Aggregate query: acceptable <1 s, slow >5 s.
Report query: acceptable <10 s, slow >60 s.
Batch operation: acceptable <30 s, slow >300 s.
Root Causes of Slow Queries
Doing too much useless work – scanning massive unnecessary data.
Long wait times – lock wait, I/O wait, network wait.
All slow‑query optimization ultimately solves these two problems.
Common Misconceptions
Misconception 1: Every slow query needs an index. Truth: Blindly adding indexes can worsen performance and increase storage and write overhead.
Misconception 2: More indexes are better. Truth: A table should have no more than five indexes (except special cases); excess indexes slow writes and increase optimizer cost.
Misconception 3: EXPLAIN type=ALL always means slow. Truth: For tiny tables, a full table scan can be faster than using an index.
Misconception 4: Optimization only looks at SQL, not business logic. Truth: Changing business requirements (e.g., adding pagination) often yields the biggest gains.
Case Study: System Background
System architecture
Database: MySQL 8.0.32, master‑slave.
Server: 16 CPU 64 GB RAM, SSD.
Data volume: 20 million rows in core tables, total 500 GB.
Load: 10 million queries per day, peak QPS 5000.
Initial problems
Slow‑query count: >8000 per day.
P99 response time: 2.3 s.
Slow‑query proportion: 0.08 %.
Key pain points: order queries, user statistics, report generation.
Core Content: Systematic Slow‑Query Optimization Methodology
Step 1: Identify and Analyze Slow Queries
Configure Slow Query Log
-- View current slow‑query settings
SHOW VARIABLES LIKE 'slow%';
SHOW VARIABLES LIKE 'long_query_time';
-- Enable slow query log
SET GLOBAL slow_query_log = 'ON';
-- Set slow‑query threshold (recommended 1 s)

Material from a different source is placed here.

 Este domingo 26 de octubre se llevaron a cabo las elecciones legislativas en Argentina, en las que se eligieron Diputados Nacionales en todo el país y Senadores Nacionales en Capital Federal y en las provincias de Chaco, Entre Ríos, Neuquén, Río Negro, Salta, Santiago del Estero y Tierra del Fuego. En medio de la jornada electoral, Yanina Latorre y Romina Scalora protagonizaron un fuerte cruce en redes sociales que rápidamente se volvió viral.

SET GLOBAL long_query_time = 1;
-- Log queries not using indexes
SET GLOBAL log_queries_not_using_indexes = 'ON';
-- Throttle logging of such queries
SET GLOBAL log_throttle_queries_not_using_indexes = 10;
-- Persist in /etc/my.cnf
[mysqld]
slow_query_log = 1
slow_query_log_file = /var/log/mysql/slow.log
long_query_time = 1
log_queries_not_using_indexes = 1
log_throttle_queries_not_using_indexes = 10Analyze Slow Query Log (recommended: pt‑query‑digest)
# Install Percona Toolkit
yum install percona-toolkit
# Digest top 20 slow queries
pt-query-digest --limit 20 /var/log/mysql/slow.log > slow_query_report.txt
# View report
less slow_query_report.txtReport example:
# Query 1: 234.5 QPS, 12.3s avg, ID 0x123ABC...

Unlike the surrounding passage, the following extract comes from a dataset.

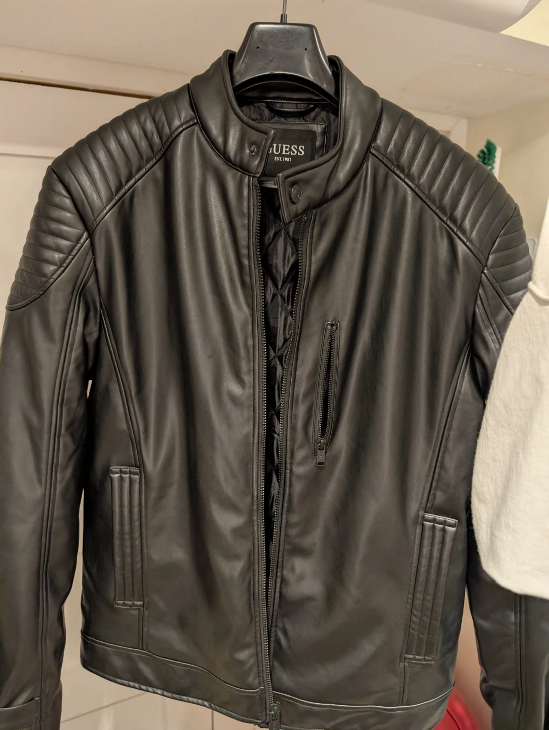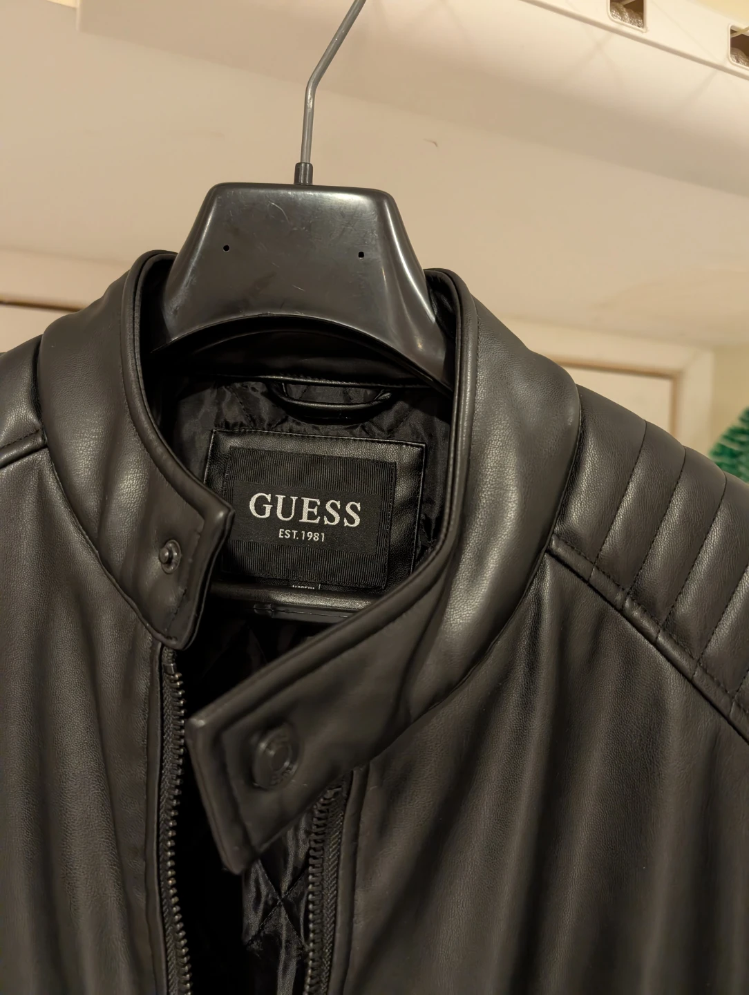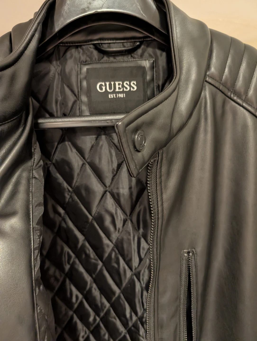 Stylish black faux leather Guess jacket with a quilted lining for extra comfort.

# Calls: 20842 Total time: 256341s Mean: 12.3s
# Rows sent: 4168400 Rows examined: 208420000
SELECT o.order_id, o.user_id, o.total_amount, u.username
FROM orders o
LEFT JOIN users u ON o.user_id = u.user_id
WHERE o.status = 'pending'
AND o.create_time > '2024-01-01'
ORDER BY o.create_time DESC
LIMIT 20\GKey interpretation:
Calls : execution count – prioritize high‑frequency queries.
Total time : overall impact on performance.
Rows examined : high ratio of examined to sent rows signals need for optimization.
Build Slow‑Query Priority
High priority (immediate)
Core business impact (order, payment, login).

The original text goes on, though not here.